Brazzaville puts faith in AfCFTA platform
On Thursday, 4 September 2025, Algiers opened its doors to the fourth Intra-African Trade Fair, and Congo-Brazzaville made sure its flag was visible from the first minute.
Minister of State for Commerce, Alphonse Claude N’Silou, led the delegation on behalf of President Denis Sassou Nguesso, underscoring Brazzaville’s support for the African Continental Free Trade Area, better known by its French acronym ZLECAf.
The seven-day fair hosts more than 2,000 exhibitors, delegations from 140 countries and an expected 35,000 visitors, according to organiser Afreximbank, which projects up to 44 billion dollars in deals before the gates close on 10 September (Afreximbank press kit).
Why Algiers edition matters for Congo firms
Algeria is hosting the event for the first time, at the vast Pins Maritimes Exhibition Park, giving Central African businesses a rare Mediterranean showcase alongside heavyweights from Nigeria, Egypt and South Africa.
For Congolese exporters of timber, cocoa, palm derivatives and digital services, proximity to North African buyers means shorter shipping lines and lower logistics bills, a point Minister N’Silou highlighted in several sideline interviews broadcast on Télé Congo.
He noted that intra-African trade stands at only 15 percent of the continent’s overall exchanges, compared with more than 60 percent within Europe, and called the fair “an accelerator our small and medium enterprises cannot afford to miss”.
Several Pointe-Noire companies told our newsroom they plan to use the fair to negotiate joint-venture packaging units in Oran and Annaba, a move that could create new jobs once goods flow both ways across the Atlantic and Sahara corridors.
Debt relief gesture signals fresh momentum
During the opening ceremony at the Abdelatif Rahal International Conference Centre, Algerian President Abdelmadjid Tebboune announced the cancellation of 1.5 billion dollars in debts owed by 14 African nations, calling Africa “the world’s future continent”.
The statement drew applause from dignitaries including Tunisian President Kaïs Saied, Chadian leader Mahamat Idriss Déby Itno, Mauritanian President Mohamed Ould Cheikh El-Ghazouani and Libyan Presidential Council head Mohamed Younes El-Menfi.
Former Nigerian president Olusegun Obasanjo, who chairs the fair’s advisory board, later told reporters the gesture “sends a strong signal that intra-African solidarity is matching the ambitions of the AfCFTA” (local press pool).
Inside Minister N’Silou’s packed agenda
Upon arrival, the Congolese delegation was received by Algerian Commerce Minister Kamel Rezig before touring national pavilions covering agritech, creative industries and green energy.
Sources within the ministry say Brazzaville’s objective is to sign at least ten memorandum-of-understanding drafts, ranging from bulk rice procurement to the licensing of Congolese music on Maghreb streaming platforms.
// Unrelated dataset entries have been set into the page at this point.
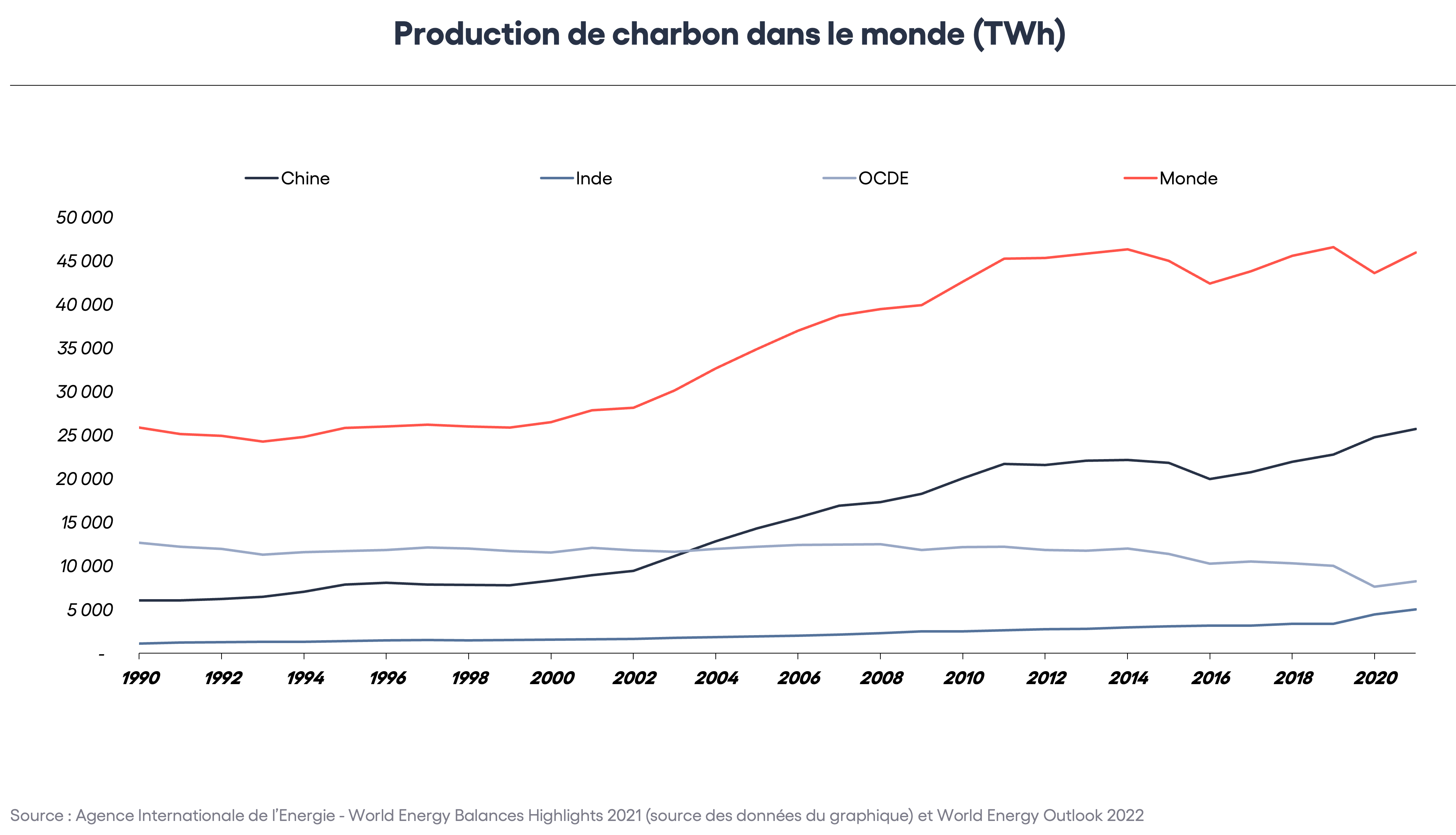 Et pourtant, la tendance actuelle est très différente. En 2020, la production mondiale de charbon n’a pas diminué mais a augmenté de 4% par rapport à 2010.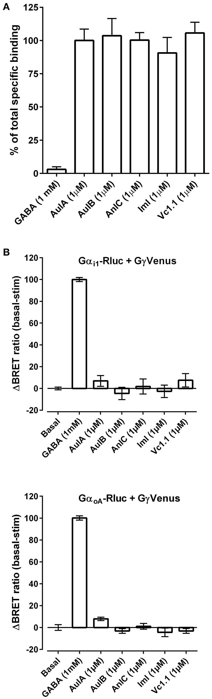 Cuny, γ-Aminobutyric acid type B (GABAB) receptor expression is needed for inhibition of N-type (Cav2.2) calcium channels by analgesic α-conotoxins. 2012, Pubmed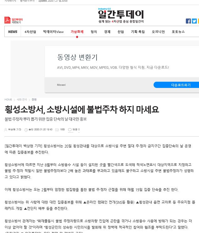 | 2405 | 횡성소방서, 소방시설에 불법주차 하지마세요!!! | 예방민원계 | 2020-01-27 | 682 | |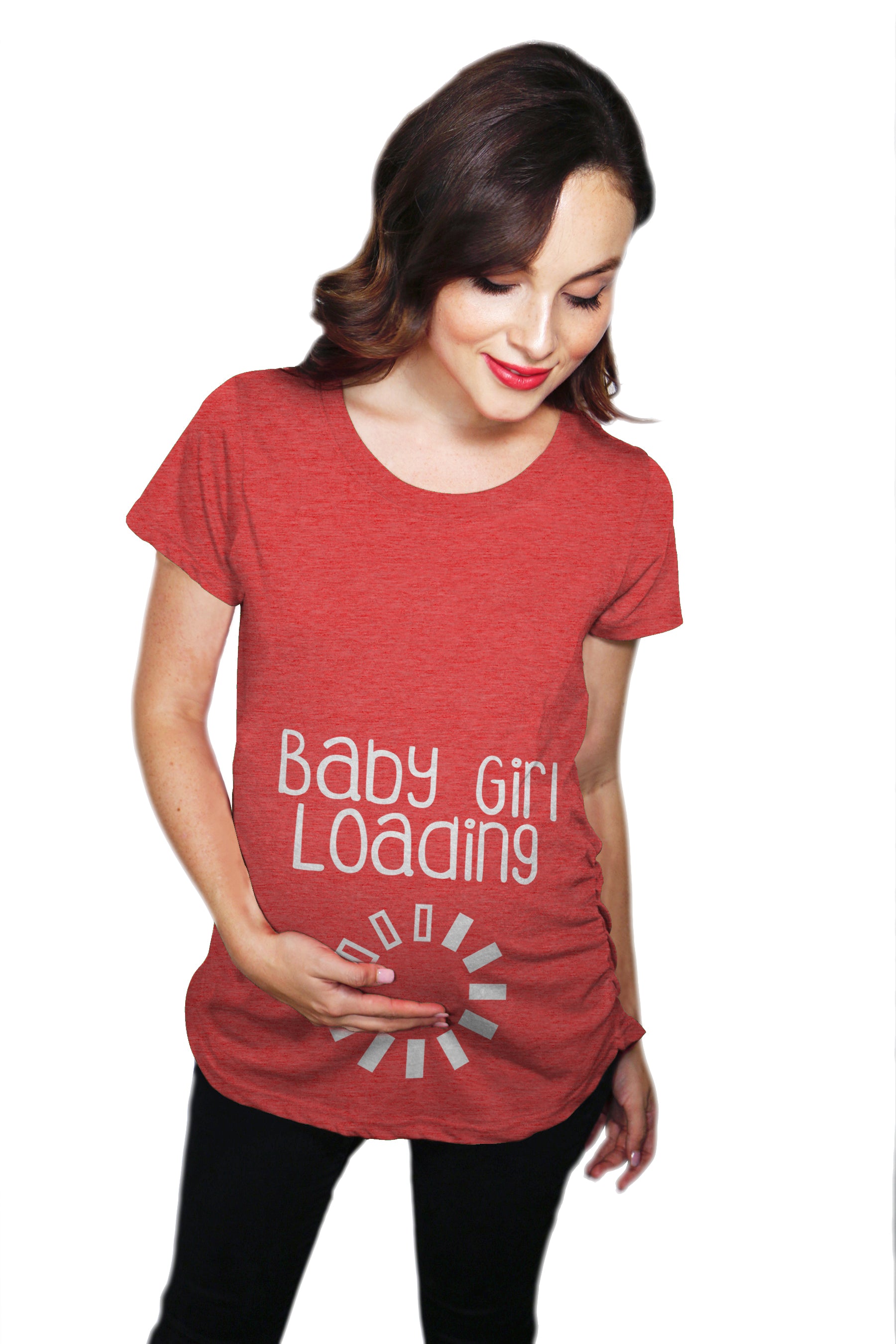 Cute baby gal loading….. This funny women’s graphic maternity t-shirt is for pregnant women that are expecting a baby girl. It is light weight, trendy & designed for your baby bump’s best comfort. Buy this adorable pregnancy tee for someone who is expecting!

A closed-door forum on trade finance gathered Afreximbank executives and Congo’s banking representatives to discuss a potential credit line tailored to SMEs, an idea officials describe as “promising but still under negotiation”.
Next steps for traders back home
Fair organisers provide a digital match-making platform allowing exhibitors to continue negotiations after September, a tool Ministry advisers intend to integrate into upcoming workshops in Brazzaville and Pointe-Noire.
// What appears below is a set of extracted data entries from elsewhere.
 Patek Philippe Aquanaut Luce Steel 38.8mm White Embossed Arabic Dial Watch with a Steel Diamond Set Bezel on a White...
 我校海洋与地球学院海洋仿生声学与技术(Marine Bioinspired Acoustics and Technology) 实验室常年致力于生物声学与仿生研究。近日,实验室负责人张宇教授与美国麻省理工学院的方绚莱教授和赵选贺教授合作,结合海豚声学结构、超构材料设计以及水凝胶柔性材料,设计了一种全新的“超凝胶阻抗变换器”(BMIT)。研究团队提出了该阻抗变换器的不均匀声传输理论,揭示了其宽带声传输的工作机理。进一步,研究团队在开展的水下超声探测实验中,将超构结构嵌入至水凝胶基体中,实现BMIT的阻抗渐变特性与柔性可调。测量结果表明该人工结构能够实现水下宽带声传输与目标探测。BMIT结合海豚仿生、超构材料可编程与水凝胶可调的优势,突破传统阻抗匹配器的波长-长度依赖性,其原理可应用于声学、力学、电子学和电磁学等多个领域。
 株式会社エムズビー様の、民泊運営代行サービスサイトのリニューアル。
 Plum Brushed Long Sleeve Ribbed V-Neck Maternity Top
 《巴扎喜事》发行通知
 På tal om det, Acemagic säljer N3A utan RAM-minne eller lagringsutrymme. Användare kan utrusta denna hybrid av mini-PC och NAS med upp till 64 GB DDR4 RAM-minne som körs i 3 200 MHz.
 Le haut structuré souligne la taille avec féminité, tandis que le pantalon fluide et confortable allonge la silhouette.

The government also plans a follow-up roadshow to help provincial cooperatives meet export certification standards, ensuring that the opportunities discussed in Algiers translate into concrete orders and jobs.
As crowds file past colourful stands and business cards change hands, Minister N’Silou insists the real metric of success will be “containers on ships and money in the bank for our producers”, a sentiment echoed by young entrepreneurs buzzing through the halls.
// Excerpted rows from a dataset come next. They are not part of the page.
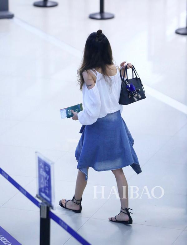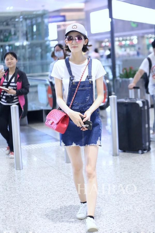 讲真,神仙姐姐的这身穿搭真的很失仙范儿,虽说是夏日经典上白下黑的一个穿搭,但溜肩穿这样过于柔软的棉布类的Tee还算一个蛮大的挑战,就算是持颜行凶的刘亦菲也没有很好的Hold住。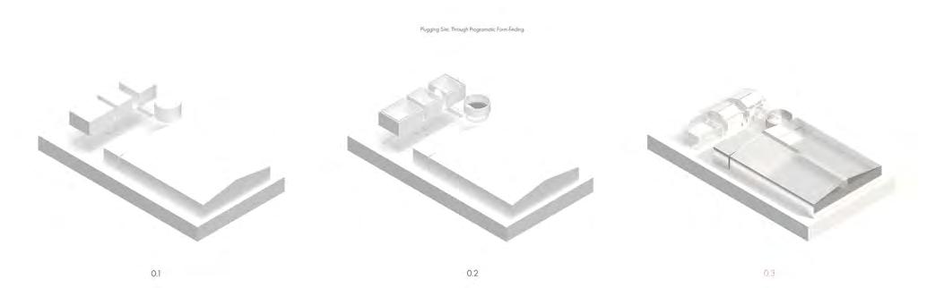 A SYSTEM OF ORAGINZATION Site Plan (left) / Massing & Tryptich Studies (above)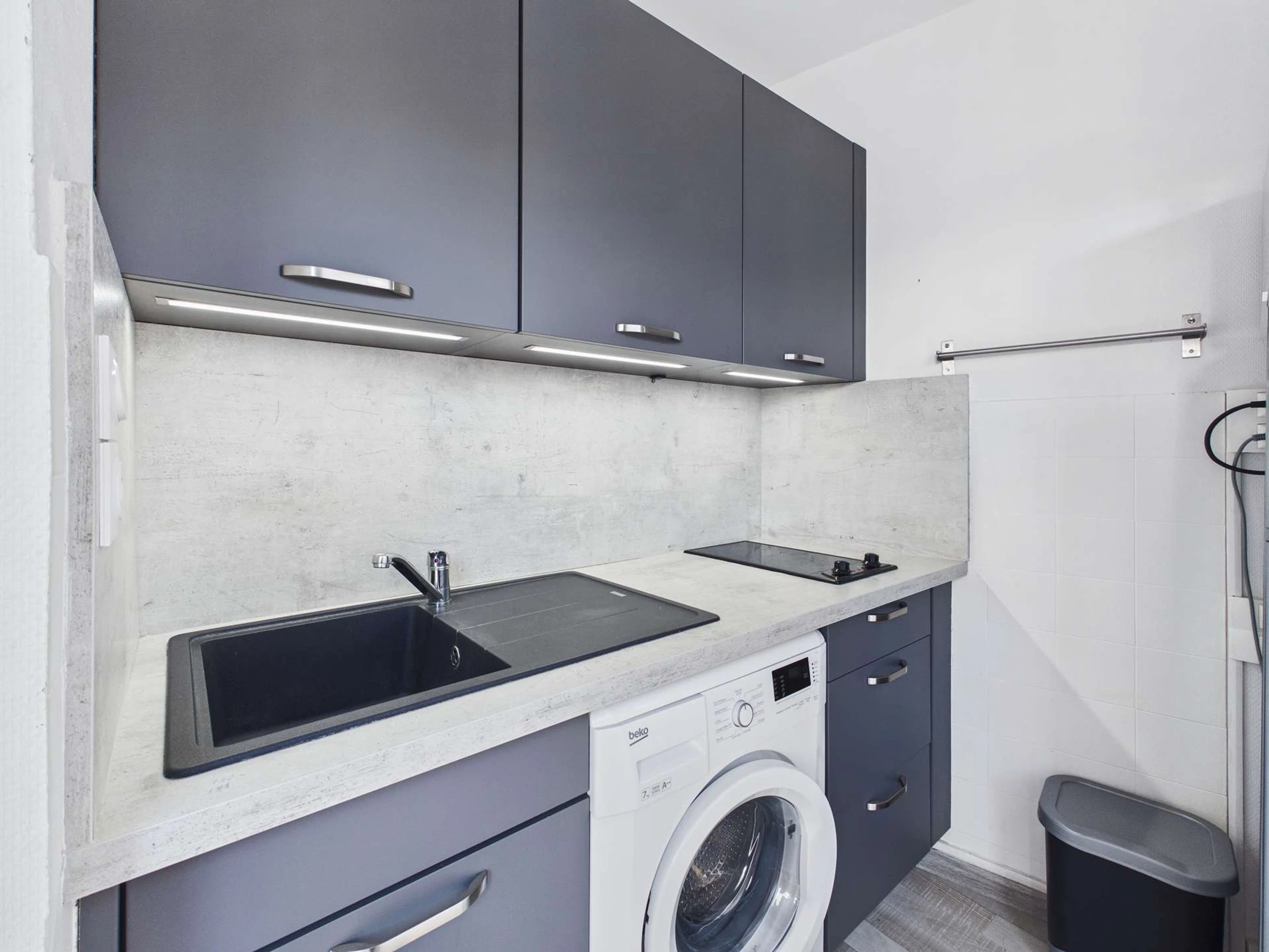 EL PASO Residence, close to the beach and shops. Living room with sofa bed and TV, kitchen area equipped with 2 vitroceramic hobs, oven, fridge/freezer, microwave, Senseo coffee machine, and washing machine. Alcove in the living room with 2 bunk beds. Bedroom with double bed and wardrobe. Bathroom with shower and sink. Separate toilet. Terrace (South-South/East facing) of 23 m² with garden furniture, parasol, 1 sun lounger, and a standing barbecue.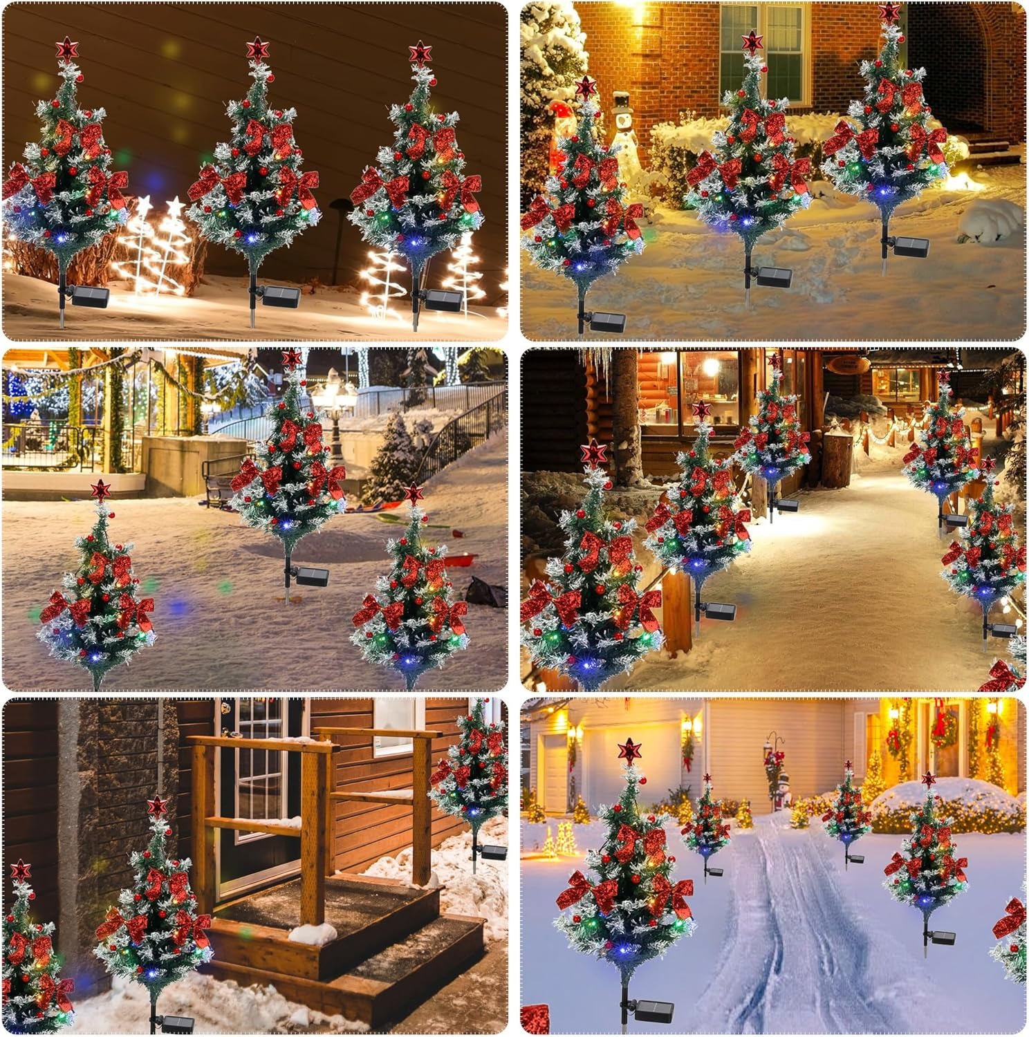 【Newest Version & Christmas in September】 - Purchase the upgraded solar Christmas pathway lights outside trees and you will get 1red star, 20 berries, 10 bells and 3 bows per tree with 20 LED string lights in 4 colors (blue ,red , green , warm yellow ). You can decorate a cedar Christmas tree, brighter than other outdoor solar lights decorations, so that you can enjoy the beautiful solar Christmas lights outdoor decorative all night.

Regional partnerships and long-term vision
Congolese analysts stress that tapping North African ports could lower freight costs to European markets, indirectly boosting Brazzaville’s ambition to diversify away from crude oil revenue while aligning with the National Development Plan 2022-2026 championed by President Sassou-Nguesso.
Economic researcher Félicité Mabiala observes that trade fairs alone are not magic bullets but can “shorten the trust gap” between potential partners, especially when accompanied by transparent customs procedures and reliable energy supply at home.
Afreximbank’s latest report lists Congo among the ten Central African states poised to gain most from the AfCFTA if they upgrade rail links toward Gabon and Cameroon, a project already highlighted in the 2025 public-investment budget.
With the Algiers spotlight fixed on intra-African success stories, Brazzaville’s representatives aim to bring back both contracts and confidence, hoping the fair’s momentum will resonate in markets, classrooms and workshops across the republic.